We bathe our Goldens every 7-10 days with Foster & Smith's hypo-allergenic shampoo. We only see signs of a coat low in oil when it is necessary to make it a very thorough bath for some reason.


----------



## Megora

I think that putting colognes and other stuff on the coat will do more damage than a good healthy bath on a regular basis. Even the different grooming products (Magic Touch, Finishing spays, etc) will build up in the coat and could cause skin issues or coat issues. Or at the very least, it could dull the coat. Similar to people when they spray stuff in their hair every day and only bathe once a week. I've been told by people I respect not to use a lot of stuff in the coats if I'm not going to follow up with a rinse/bath afterwards. 

It's something to kinda keep in mind if the dog's skin and coat health are your primary concern. 

A regular bath won't hurt anything. 

A lot of people don't do it because it's a pain to deal with if you don't have a pet dryer and/or your dog has one of those coats that does not dry very well. 

Spayed or neutered dogs and seniors have different texture and it can be a real pain dealing with - the dogs just don't dry very quickly.

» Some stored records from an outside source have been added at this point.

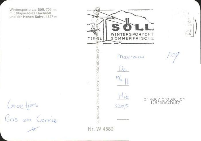 71974588 alte Postkarte Soell Tirol Wilden Kaiser Hochsoell Hohen Salve postalisch gelaufen Erhaltung siehe scans KatCode: 11390335070526
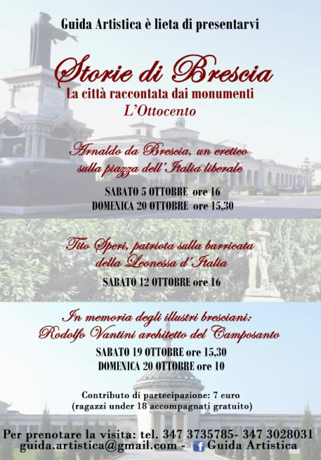 Guida Artistica propone un nuovo ciclo di visite guidate per le prossime settimane intitolato Storie di Brescia la città raccontata dai monumenti che prevede: Sabato 12 Tito Speri, sabato 19 e domenica 20 Rodolfo Vantini e sempre per domenica 20 ottobre Arnaldo da Brescia. Costo biglietti € 7,00 (under 18 accompagnati gratuito)
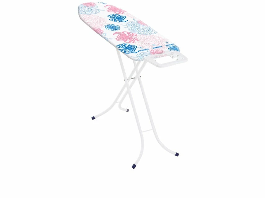 Die kompakte Bügelfläche ist aus Streckmetall gefertigt. Die feste Bügeleisenablage aus Metall sorgt für ein sicheres Abstellen des Bügeleisens. Höhenverstellbar für rückenschonendes Bügeln in optimaler Arbeitshöhe. Transportsicherung für leichte Transport und platzsparendes Verstauen. Mit verbessertem Rostschutz.
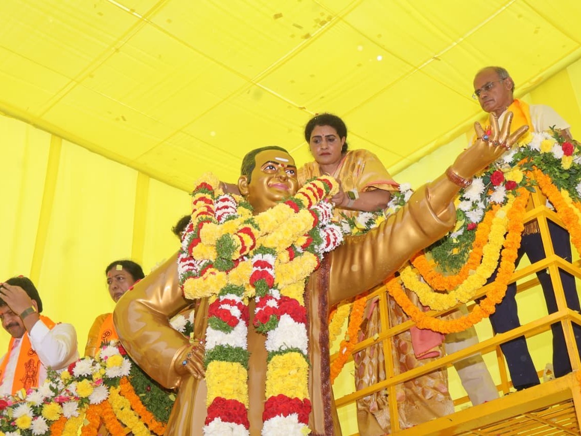 కృష్ణా: పమిడిముక్కల మండలం గోపవానిపాలెంలో మాజీ సీఎం ఎన్టీఆర్ విగ్రహావిష్కరణ కార్యక్రమం శనివారం ఘనంగా జరిగింది. నందమూరి హరికృష్ణ కుమార్తె నందమూరి సుహాసిని ఎన్టీఆర్ విగ్రహానికి పూలమాలలు వేసి నివాళులర్పించారు. ఈ సందర్భంగా ఎన్టీఆర్ ప్రజలకు చేసిన సేవలు, తెలుగు ప్రజల పట్ల ఆయనకున్న అపారమైన ప్రేమను ఆమె స్మరించుకున్నారు. ఈ కార్యక్రమంలో కూటమి నేతలు పాల్గొన్నారు.
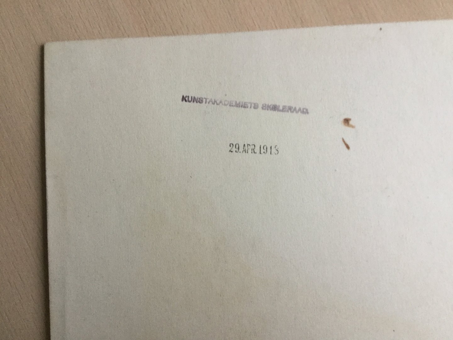 Bagpå stempel - Kunstakademiets Skoleråd 29/4 1918.
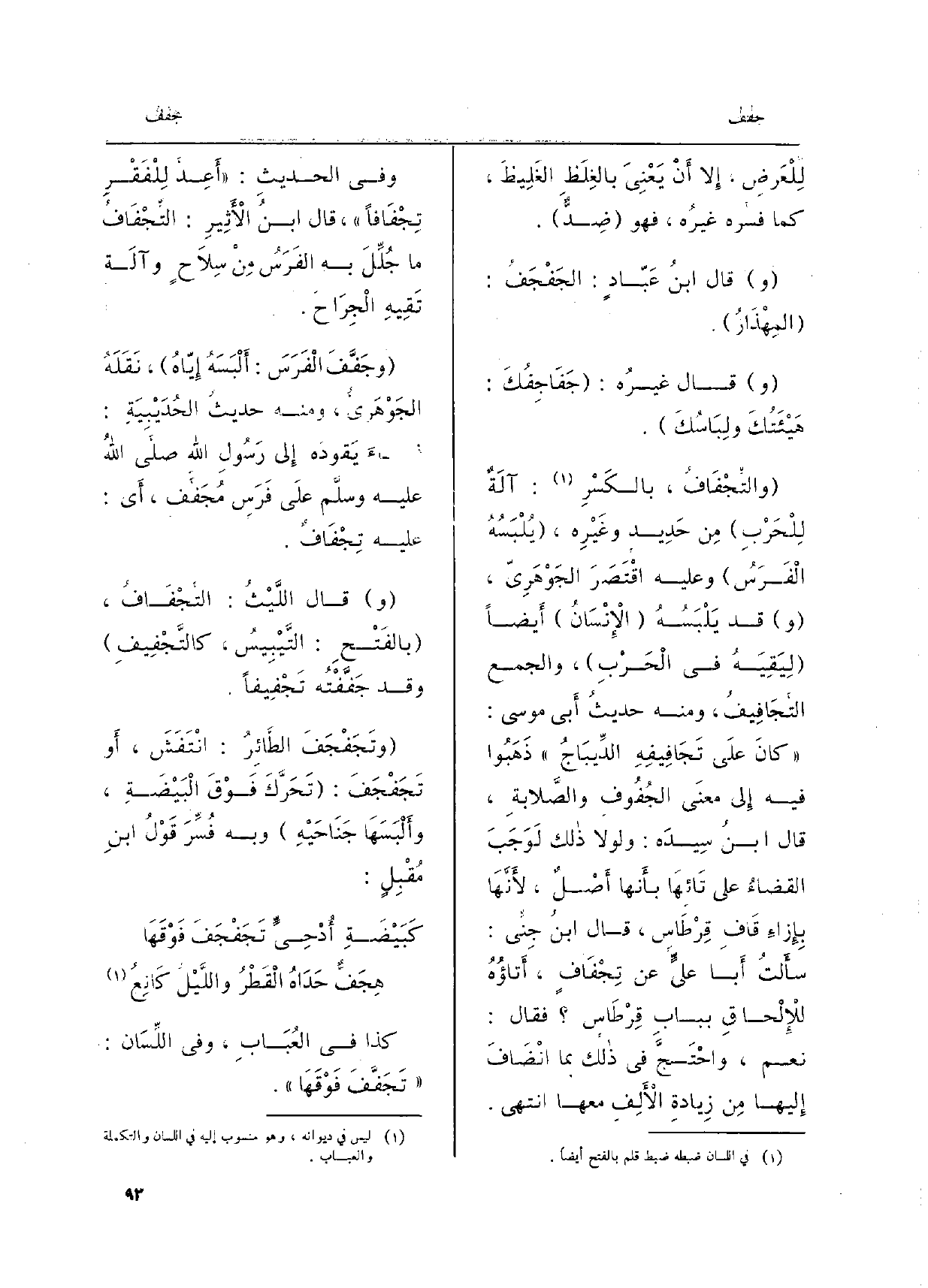 } والتِّجْفَافُ، بالكَسْرِ: آلَةٌ لِلْحَرْبِ مِن حَدِيد وغَيْرِه، يُلْبَسُهُ الْفَرَسُ وَعَلِيهِ اقْتصر الجَوْهَرِيُّ، قد يَلْبَسُهُ الإِنْسَانُ أَيضاً لِيَقِيَهُ فِي الْحَرْبِ، وَالْجمع {التجَافِيفُ، وَمِنْه حديثُ أَبِي مُوسَى:) كانَ علَى} تَجَافِيفِهِ الديِّبَاجُ (ذَهَبُوا فِيهِ إِلَى معنَى {الجُفُوفِ والصَّلابِة، قَالَ ابنُ سِيدَه: وَلَا لَا ذَلِك لَوَجَبَ القضاءُ على تَائِهَا بأَنَّهَا أَصْلٌ، لأَنَّهَا بإِزاءِ قافِ قِرْطَاس، ِ قَالَ ابنُ جِنِّي: سأَلتُ أَبا عليٍّ عَن} تِجْفَافٍ، أَتاؤُهُ لْلإِلْحاقِ ببابِ قِرْطَاسٍ فَقَالَ نعم، واحٍ تَجَّ فِي ذَلِك بِمَا انْضَافَ إِليها مِن زِيادةِ الأَلِفِ مَعهَا انْتهى.
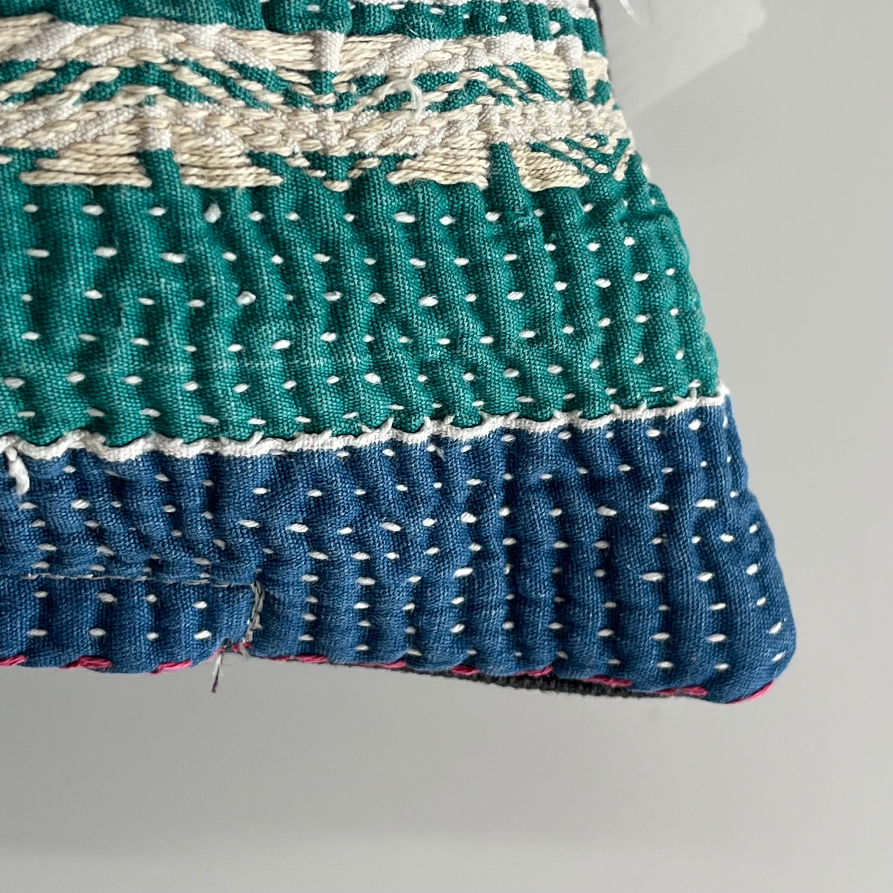 インドで買い付けたヴィンテージラリーキルトをアトリエでクッションに仕立てました。
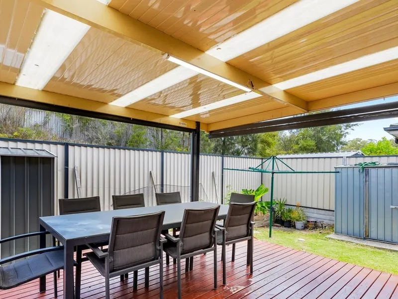 At the heart of the home, the open-plan living and dining area flows seamlessly to a covered timber alfresco deck, creating the ideal setting for year-round entertaining. The low-maintenance backyard features a level lawn, garden beds, and excellent privacy.
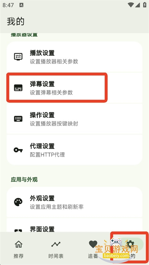 1、打开App,进入【我的】页面,向下滑动找到【弹幕设置】并点击。
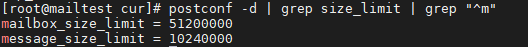 따로 설정을 하지 않을 경우 유저당 메일박스가 50M 메일 사이즈가 10M로 제한된다.
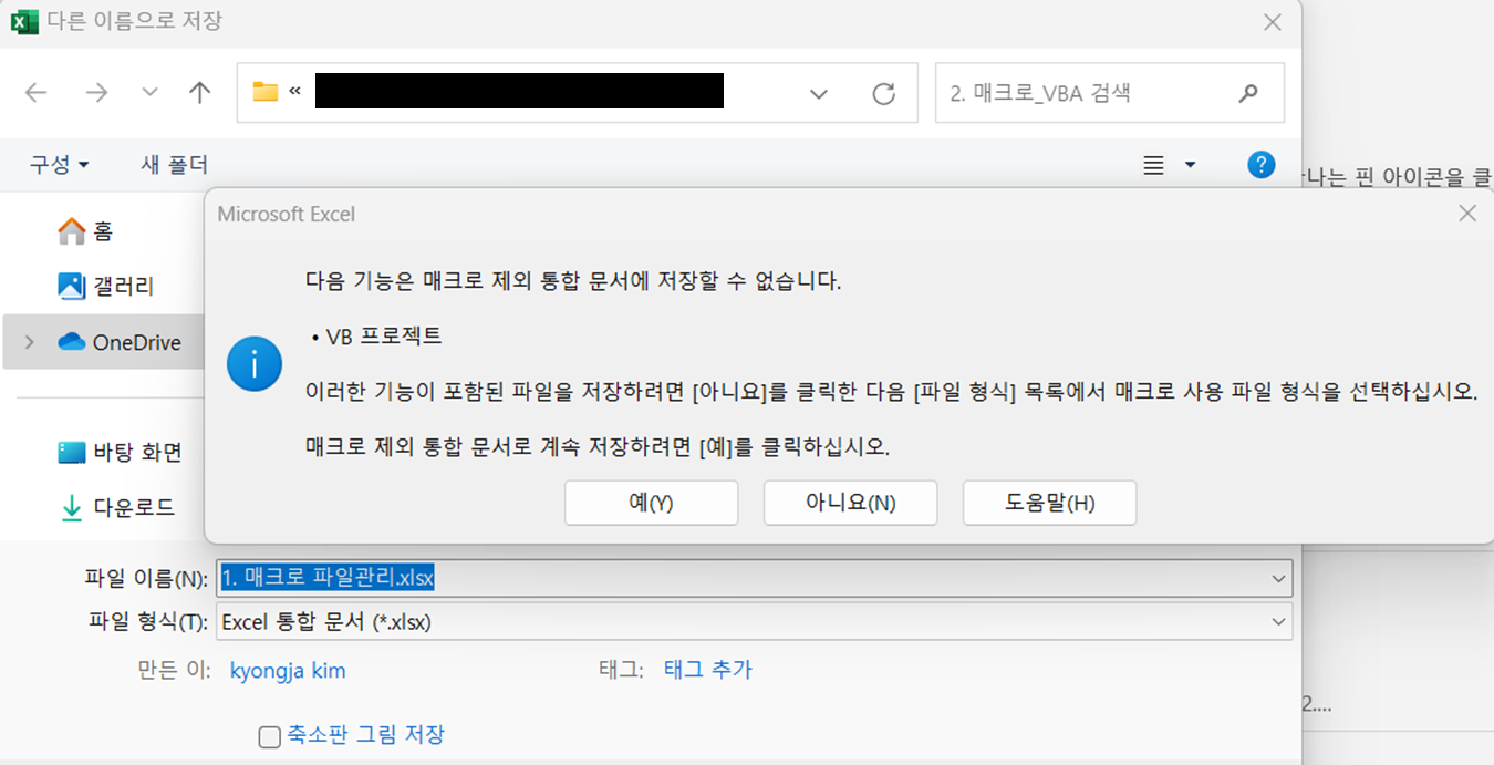 매크로가 포함된 엑셀 파일은 .xlsm 형식으로 저장해야 합니다. 일반 .xlsx 형식으로 저장하면 매크로가 삭제되므로 주의하세요.

They also probably need baths the most, because they are more likely to have excess oils caking in their coats and causing smelly spots. 

I'm rambling, but quick and easy answer is you are not going to hurt anything with a healthy dog by giving frequent or as needed baths. 

The dogs can go a year without a bath - if they aren't swimming in muck or exposed to other stuff which could irritate their skin. Prior to my "current generation" of goldens, our dogs did not have more than 1-2 baths a year. They had healthy coats and they always smelled good. But they weren't outside dogs or exposed to a lot of stuff that would make them smelly. Probably only issues we had were when they got old and had both the "texture change" thing happen with their coats and also they probably had various changes in their body causing excess oils, etc. 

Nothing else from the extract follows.